C’è stato un momento, durante la salita, in cui ho sentito il bisogno di rallentare. Non per la fatica, ma per lasciarmi attraversare da quello che stavo vivendo. I colori dell’estate, il silenzio, il legno scolpito, la compagnia di un amico: tutto mi riportava alla mente la splendida escursione del 1° ottobre 2023, fatta con mia moglie Anna.

Allora il paesaggio era rosso, dorato, immerso nel foliage. Oggi, invece, tutto era verde, vivo, pieno di luce. Due stagioni diverse, due stati d’animo diversi. Stesse emozioni, però gratitudine, meraviglia, connessione.
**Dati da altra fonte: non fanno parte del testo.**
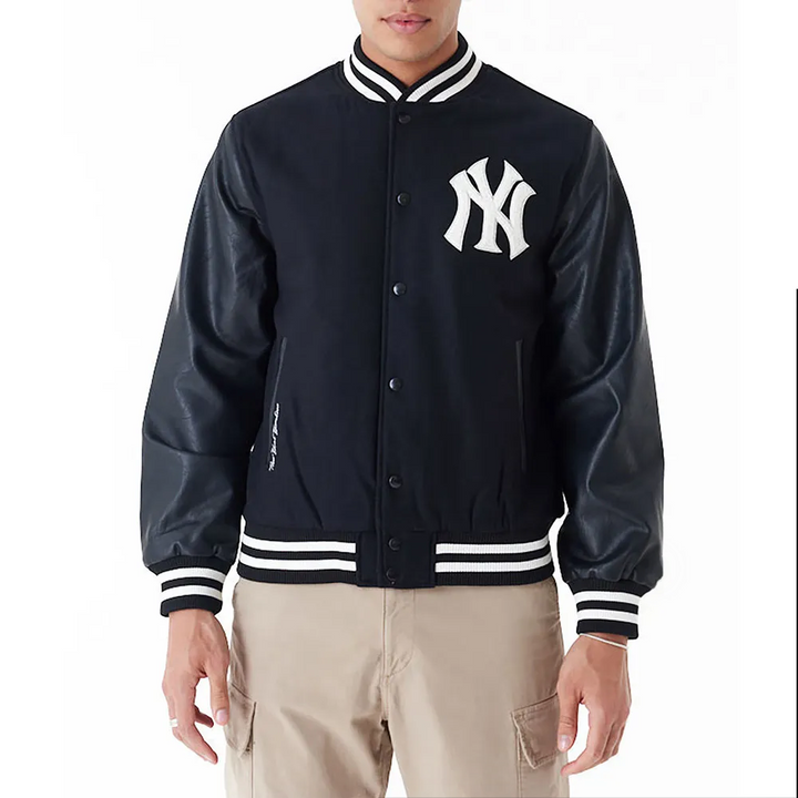 This 2009 NY Yankees World Series Varsity Jacket is an essential item for all fans. Crafted from superior materials, it displays the team's triumph through a sophisticated design and striking visuals. Demonstrate your allegiance and stay cozy in fashion with this championship jacket.

Consigli per l’escursione alla Punta Leysser

  • Punto di partenza: parcheggio Hotel Notre Maison, Vétan
  • Tempo totale: circa 5h30′ tra andata e ritorno (pause escluse)
  • Dislivello: circa 1000 m
  • Difficoltà: E (escursionistica), breve tratto attrezzato finale
  • Periodo ideale: giugno – ottobre
  • Fonti d’acqua: Rifugio Mont Fallère (eventuale sosta)
  • Segnaletica: ben indicato il 13C (se al bivio doveste prendere il 13A, potreste perdere la traccia)
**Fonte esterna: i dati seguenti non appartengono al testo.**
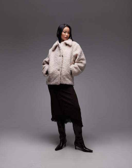 Chaqueta midi beis de piel sintética rica en lana de & Other Stories

Flora e fauna del percorso

Questa zona della Valle d’Aosta è particolarmente ricca dal punto di vista naturalistico:

Flora

  • Nei tratti più bassi si attraversano pascoli alpini e zone di lariceti.
  • In estate è facile imbattersi in gigli martagoni, genziane, arnica, campanule e rododendri in fiore.
  • Nelle zone più alte, verso il colle e la vetta, dominano muschio, erbe pioniere e piccole piante resistenti al vento e alla quota.

Fauna

  • Se si cammina in silenzio è possibile avvistare camosci e marmotte, soprattutto nella zona tra il Rifugio e il Colle Paletta.
  • Più in basso, ghiri, volpi, e rapaci come poiane o aquile reali sorvolano la zona.
  • Occhio anche a picchi muratori, fringuelli alpini e corvi imperiali, spesso visibili lungo le creste.
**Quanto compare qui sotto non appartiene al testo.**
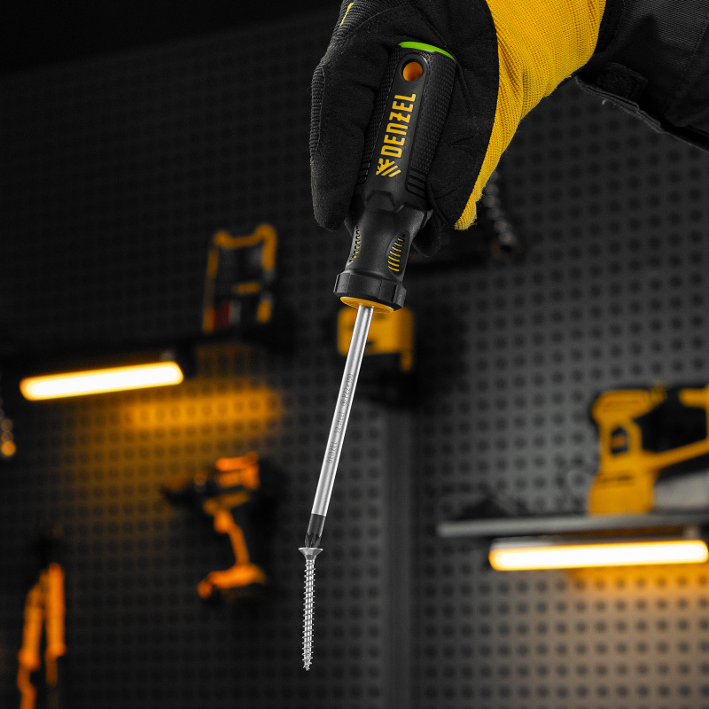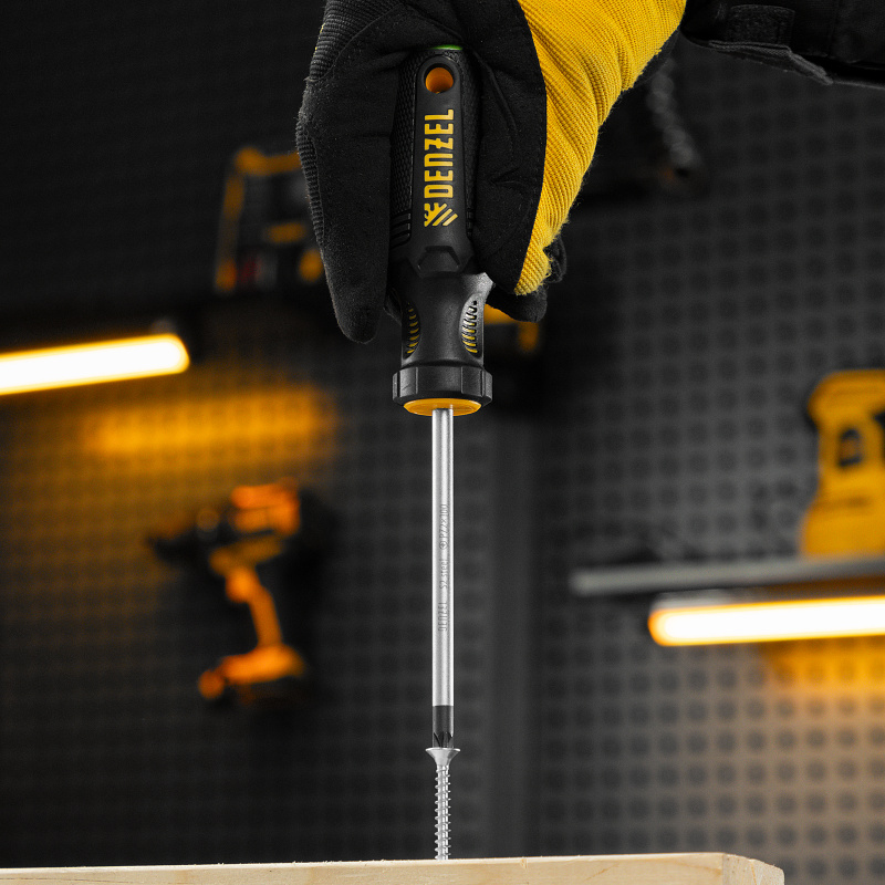Отвертка Denzel 122077 с трехкомпонентной рукояткой, со стержнем из стали S2, длиной 100 мм, имеет шлиц PZ2 и предназначена для монтажных и демонтажных работ с резьбовыми соединениями типа Pozidriv. Благодаря намагниченному высокоточному шлицу отвертку с крепежом можно направлять одной рукой, удерживая другой закрепляемую деталь. Инструмент подходит для профессионального использования.

Una montagna da vivere con tutti i sensi

La Punta Leysser non è solo una meta da raggiungere, ma un’esperienza da vivere con lentezza e cuore aperto. È un’escursione che unisce la bellezza naturale, la ricerca interiore, la memoria personale e persino l’arte, grazie alle straordinarie sculture di Siro Viérin.

Che sia estate o autunno, da soli o in compagnia, il sentiero verso Leysser è uno di quelli che ti accompagna anche dopo essere tornato a casa. La magia della Valle d’Aosta non si smentisce mai.